A cereja no topo do bolo foi o final do F. C. Porto-Sporting e os incidentes que o mesmo provocou. Logo, de imediato, as televisões e os seus comentadores acusaram o árbitro do encontro e o F. C. Porto de serem responsáveis dos incidentes que envolveram jogadores de ambas as equipas.
Esta capacidade de os comentadores servirem as agendas pessoais e os interesses de alguns evidencia a pobreza como as televisões contribuem, em Portugal, para o debate cívico. O resultado começa a mostrar que nem os canais especializados merecem já a atenção de muitos de nós.
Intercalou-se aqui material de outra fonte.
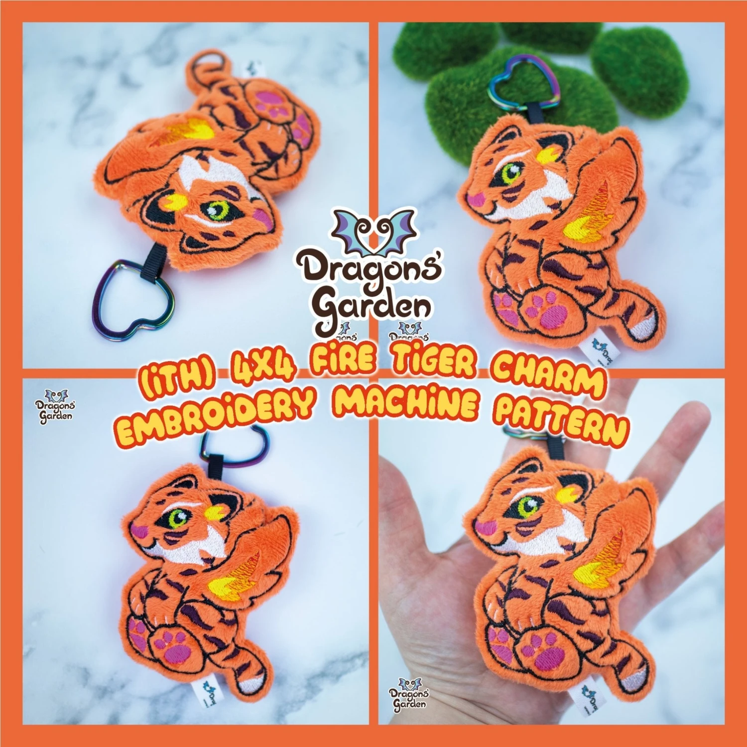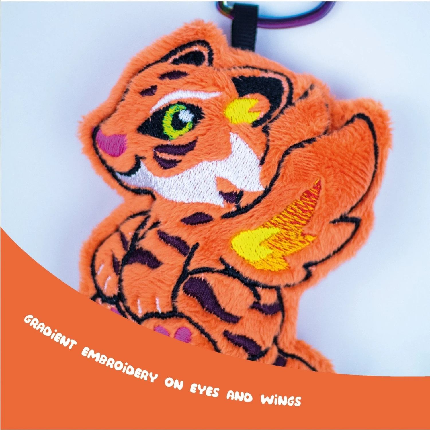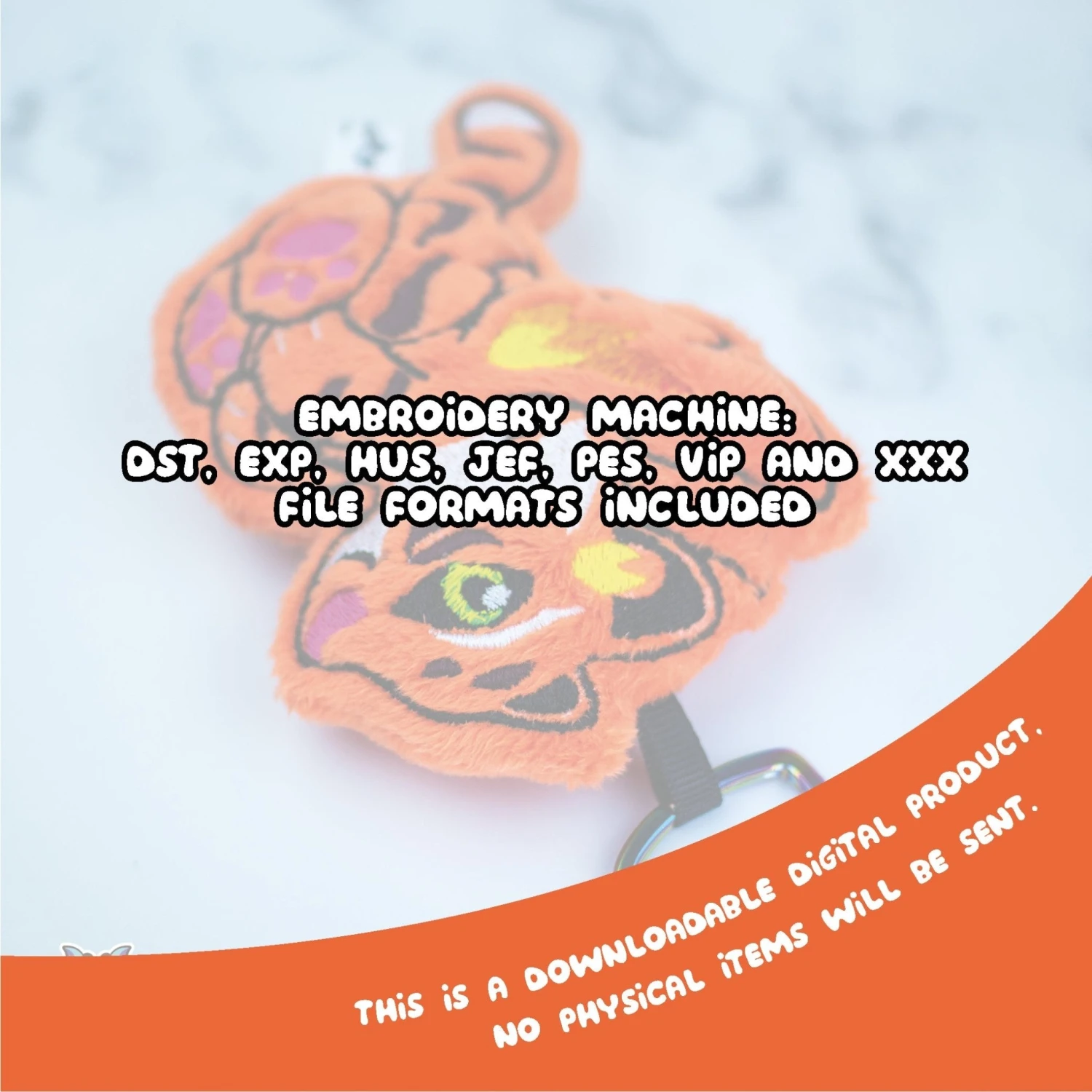 The cutest Fire Tiger as a lucky charm Keychain you can make with the help of this In the Hoop Embroidery Pattern!

A televisão de hoje, preocupada com as audiências e a sua sustentabilidade financeira, vale pelo espetáculo de dizer mal e falar mal de tudo ao tentar apresentar-se como uma espécie de tribunal que julga e condiciona, por antecipação, o resultado final.
Karl Popper participou, com John Condry, num livro intitulado "Televisão: um perigo para a democracia", onde escrevia que "a democracia consiste em submeter o poder político a um controlo. É essa a sua característica essencial. Numa democracia não deveria existir nenhum poder político incontrolado. Ora, a televisão tornou-se hoje em dia um poder colossal; podemos mesmo dizer que é potencialmente o mais importante de todos, como se tivesse substituído a voz de Deus. E será assim enquanto continuarmos a suportar os seus abusos (...). Nenhuma democracia pode sobreviver se não pusermos cobro a esta omnipotência".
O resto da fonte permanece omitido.